TASK GOAL: Take from the entries below the stretch from the line with "Ouvrir le fichier" through the line with "Eleganter goldener Glitzer", and return it exactly, leaving the pictures out.

++++++++

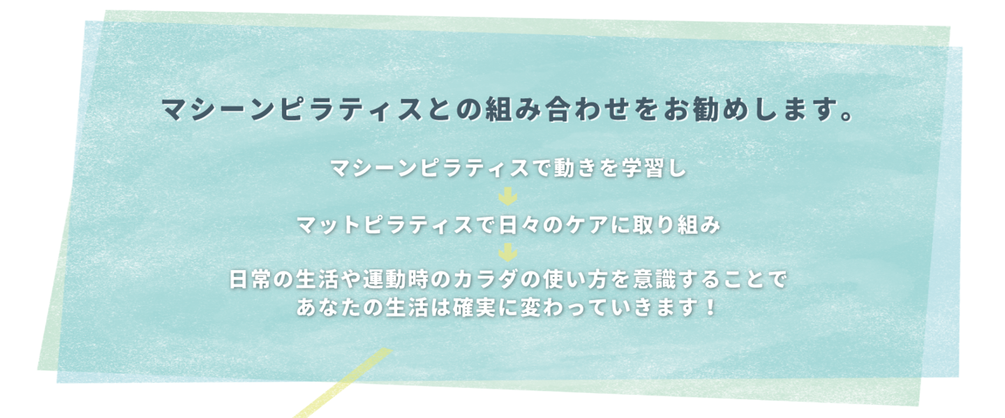 ピラティスがご自身のカラダと向き合うきっかけとなれば幸いです。
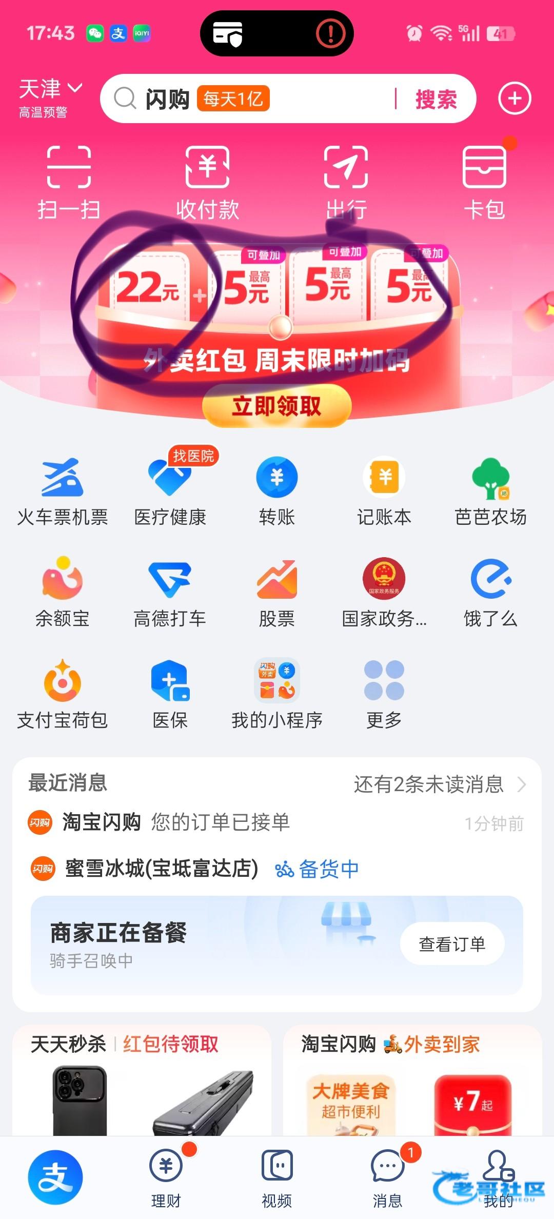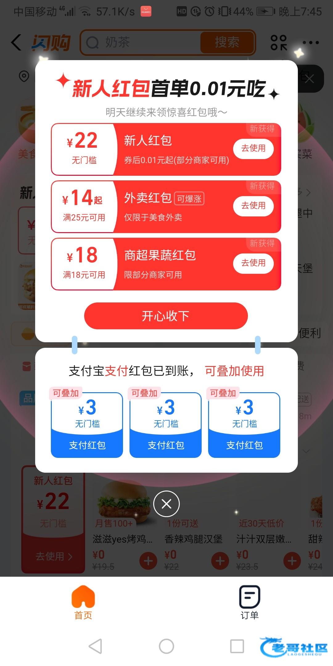 老哥们看看支付宝界面有没有这个外卖红包。有的话可以点外卖,我点了三杯奶茶,0.01元!没有的勿喷!
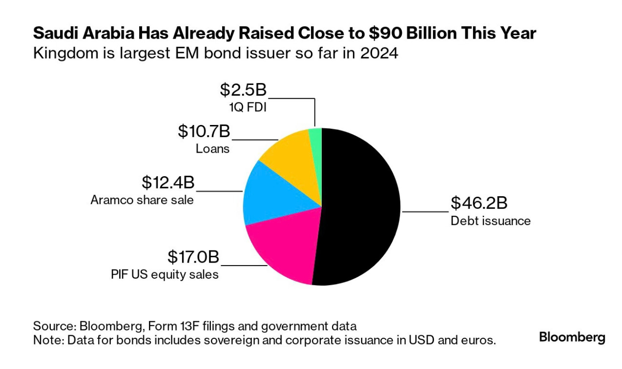 Bloomberg: While the flurry of bond sales creates questions about how much Saudi risk markets can absorb, the kingdom's “second to none in the world” in terms of capacity to bear more debt, Goldman Sachs’ Middle East and North Africa economist Farouk Soussa told Jennifer Zabasajja on Bloomberg TV. “From a balance sheet position, we are extremely relaxed,” he said, pointing to the kingdom’s 30% debt to GDP ratio and large foreign exchange reserves.
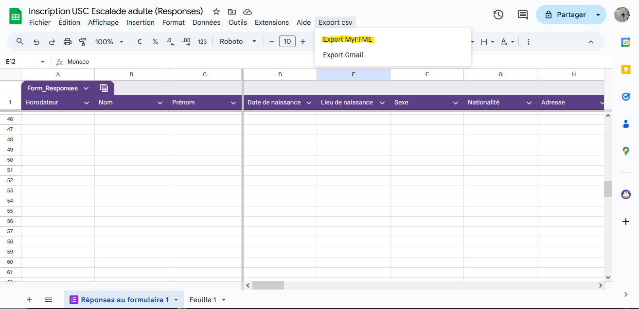 Ouvrir le fichier d’export créé dans le Drive dans le même dossier que le fichier de réponses.
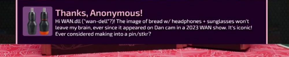 Hi WAN.dll ("wan-dell"?)! The image of bread w/ headphones + sunglasses won't leave my brain, ever since it appeared on Dan cam in a 2023 WAN show. It's iconic! Ever considered making into a pin/stkr?
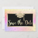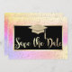 Eleganter goldener Glitzer Graduierte Mütze und Konfetti auf einer Rose Gold Glitzer ombre Hintergrund.
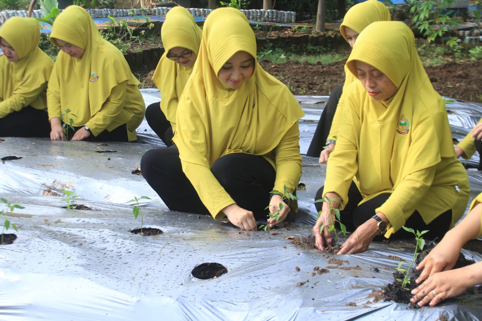 “Lahan ini sayang kalau dibiarkan. Kita tanami cabai untuk membantu ketahanan pangan, sekaligus memberi contoh bahwa setiap rumah pun bisa memulai,” ujar Ny. Adhita penuh optimisme.
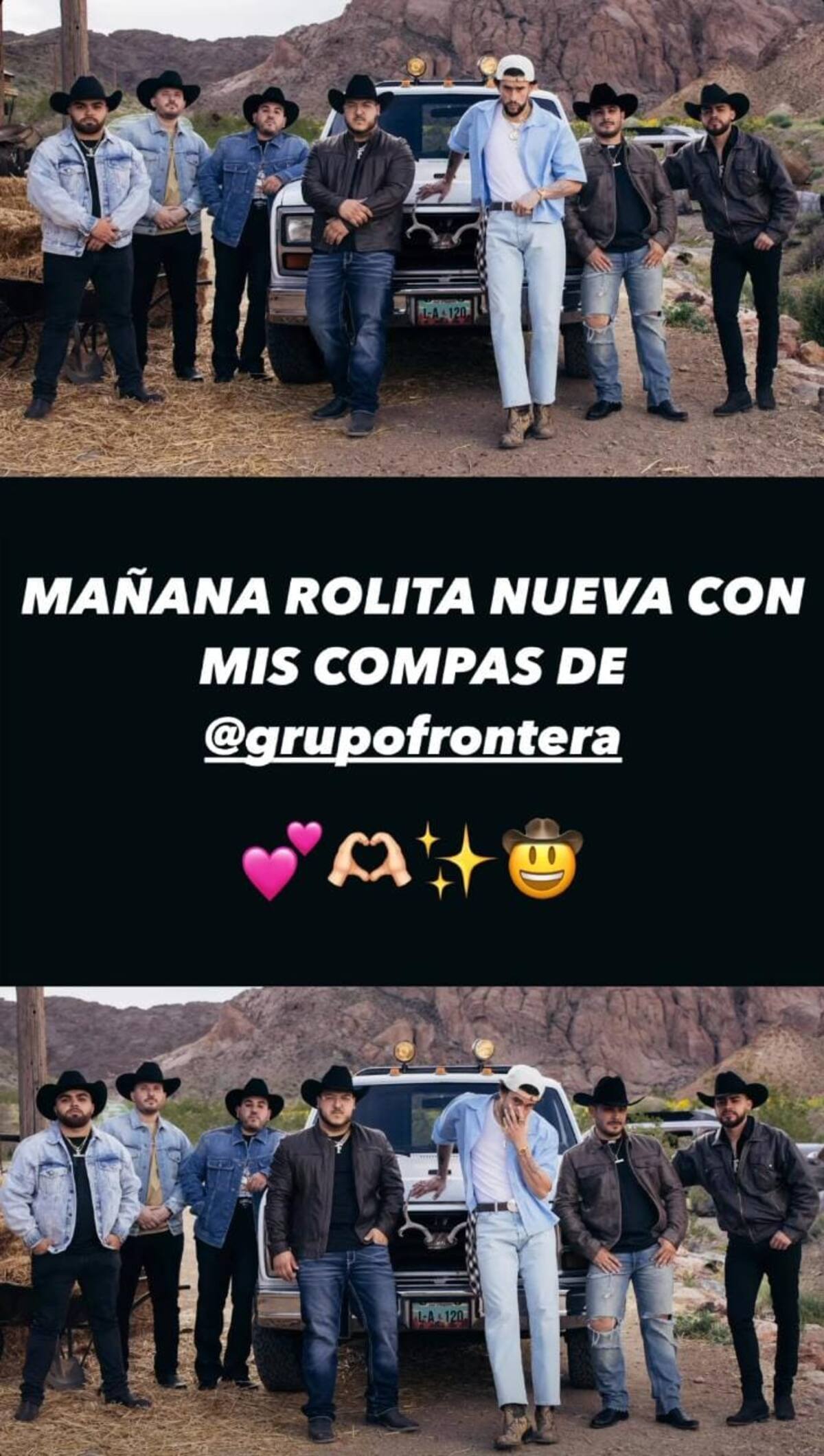 El cantante compartió una fotografía junto a los músicos, donde se les puede ver en el campo, recargados obre un auto tipo pickup, además de escribir: Mañana rolita nueva con mis compas de @grupofrontera”.

++++++++

YOUR RESPONSE:
 Ouvrir le fichier d’export créé dans le Drive dans le même dossier que le fichier de réponses.
 Hi WAN.dll ("wan-dell"?)! The image of bread w/ headphones + sunglasses won't leave my brain, ever since it appeared on Dan cam in a 2023 WAN show. It's iconic! Ever considered making into a pin/stkr?
 Eleganter goldener Glitzer Graduierte Mütze und Konfetti auf einer Rose Gold Glitzer ombre Hintergrund.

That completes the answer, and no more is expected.